2008 CIRI Board election changes

Leading up to the 2008 CIRI Board election, the CIRI Board of Directors determined that campaign materials distributed by the New Alliance candidates and used to solicit proxies included false and misleading statements, in violation of Alaska securities laws. CIRI was not successful in attempting to obtain corrected statements from the New Alliance directly, so it filed a complaint with the Alaska Division of Banking and Securities, and then filed suit in Superior Court.

On May 5, 2009, the court agreed that the New Alliance’s proxy solicitation materials contained material misrepresentations in violation of the Alaska Securities Act and Alaska proxy regulations, and ordered that “the proxies given to the New Alliance for CIRI’s 2008 annual shareholder meeting must be declared void.” CIRI asked the independent Inspector of Election, Steve Seward, to give effect to the court order with respect to CIRI’s 2008 annual meeting board election results.

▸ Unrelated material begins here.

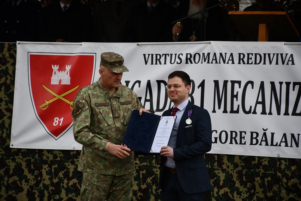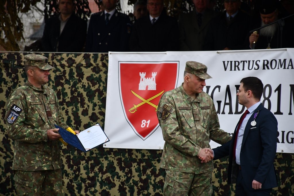 Ulterior, generalul de brigadă Bogdan Cernat, comandantul Diviziei 4 Infanterie ”Gemina”, a dat citire mesajului ministrului Apărării Naționale cu ocazia Zilei Forțelor Terestre, după care a acordat emblema de merit ”Partener pentru Apărare clasa a II-a” doctorului Cristian Mureșan, fondator al Fundației Villas, în semn de apreciere pentru sprijinul său în susținerea activității lotului Invictus. A urmat un moment în care au fost acordate distincții personalului Brigăzii 81 Mecanizată ”General Grigore Bălan”, pentru îndeplinirea ireproșabilă a misiunilor și obținerea de rezultate meritorii în procesul instruirii.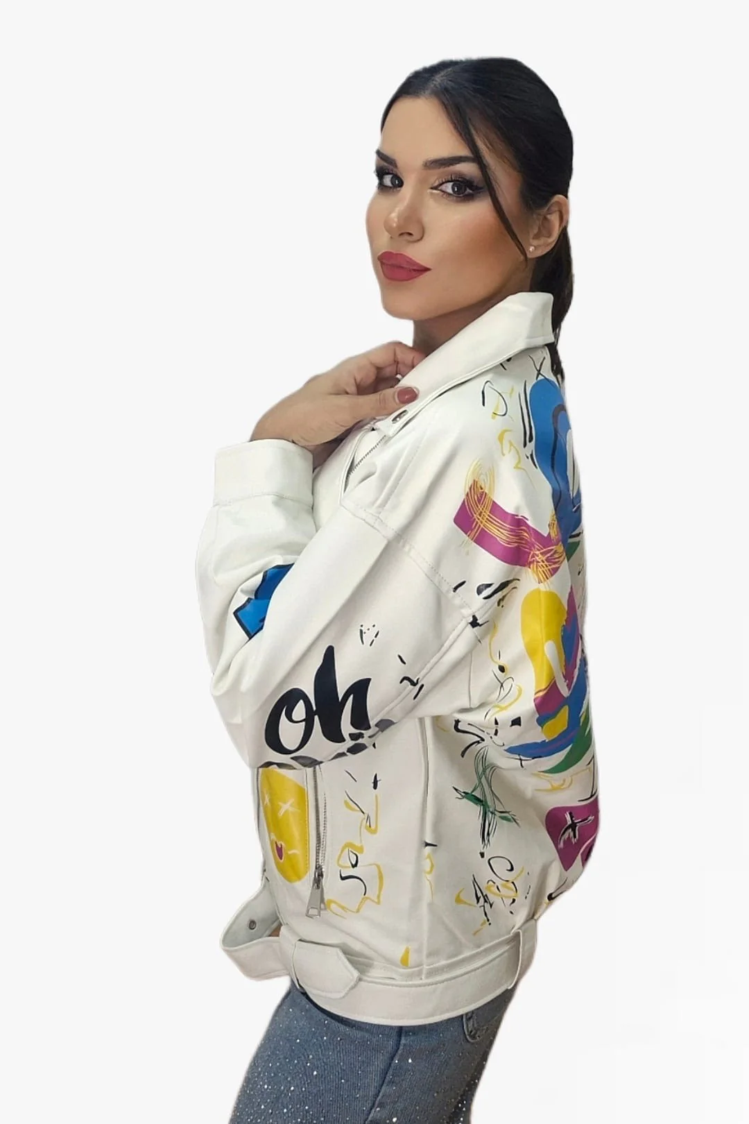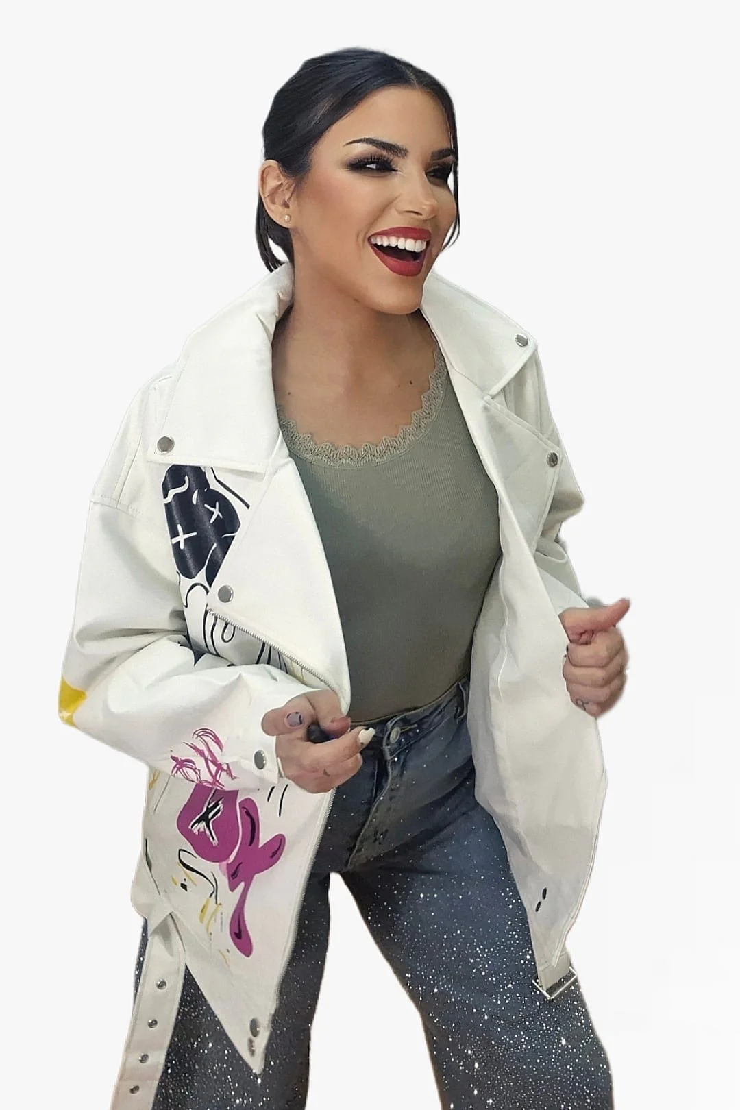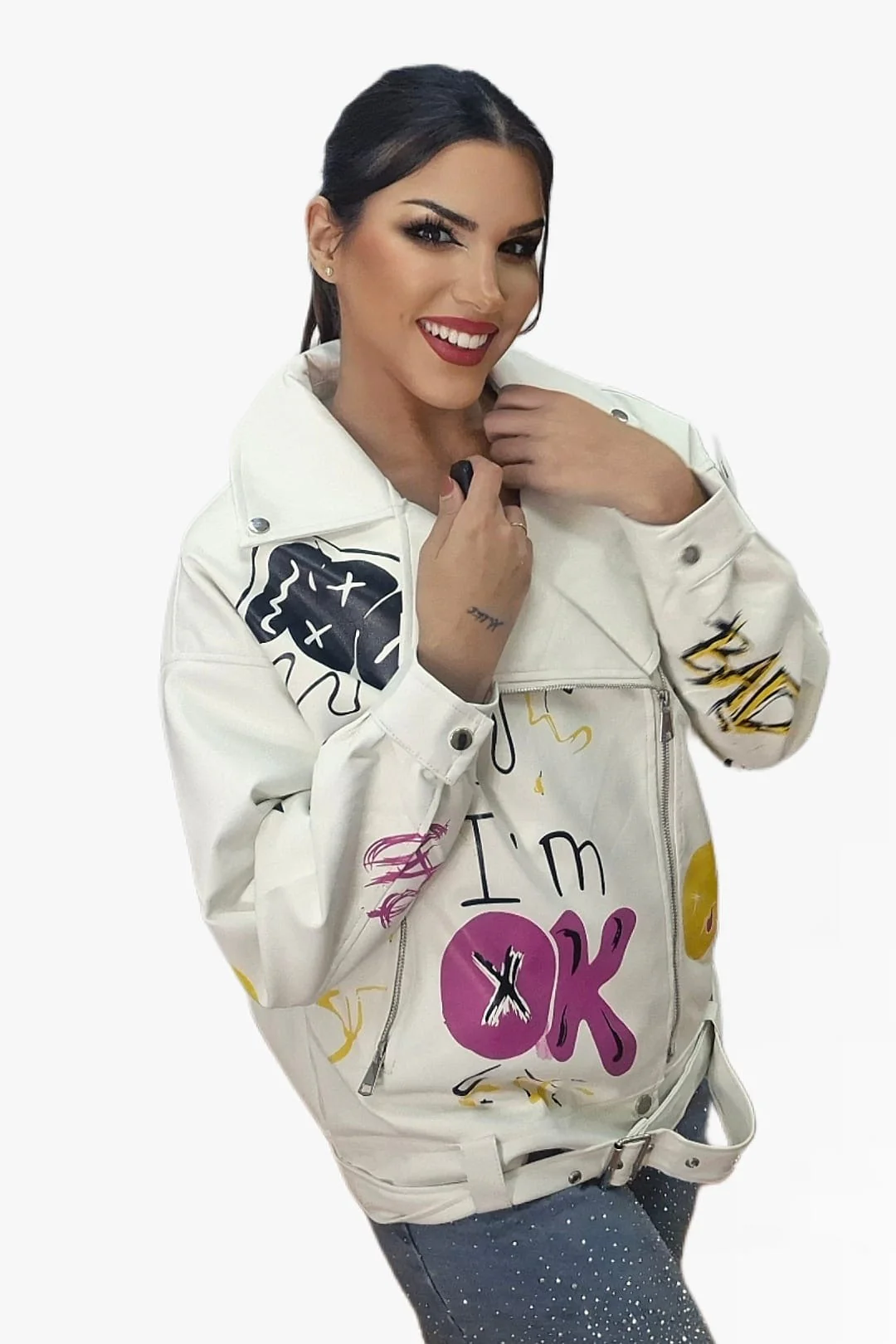 Rompe las reglas del estilo con esta biker oversize de inspiración urbana. Su diseño de hombro caído y corte amplio aporta un aire desenfadado y moderno, mientras que el estampado de graffitis le da un toque rebelde y artístico que no pasa desapercibido. Con bolsillos funcionales y disponible en dos colores, es la prenda perfecta para elevar cualquier look con actitud.

Guided by precedent from past disputes, and with the objective of giving maximum effect to the votes and proxies submitted by CIRI shareholders that have not been invalidated by the court, the Inspector removed from the election count all proxies invalidated by Judge Christen’s orders, and reactivated all otherwise valid proxies provisionally superseded by the invalidated proxies.

All 2008 proxyholders were notified of the Inspector’s decision and provided with a new ballot. Those proxyholders with valid discretionary voting authority submitted new ballots exercising their discretionary authority.

On June 4, 2009, a majority of CIRI’s 2008 proxyholders convened and reallocated CIRI’s discretionary votes to the five Board-recommended candidates. In accordance with these procedures, the Inspector of Election certified on June 5, 2008, that Agnes Brown, Penny Carty, Roy Huhndorf, Katrina Jacuk and Patrick Marrs received the highest number of votes, represented by the stock of shareholders present in person or by valid proxy and entitled to vote at the 2008 annual meeting.

While the time and resources devoted to the matter is regrettable, CIRI believes that it was necessary to protect the fairness and integrity of the election process and CIRI shareholders’ rights to cast votes based upon accurate information.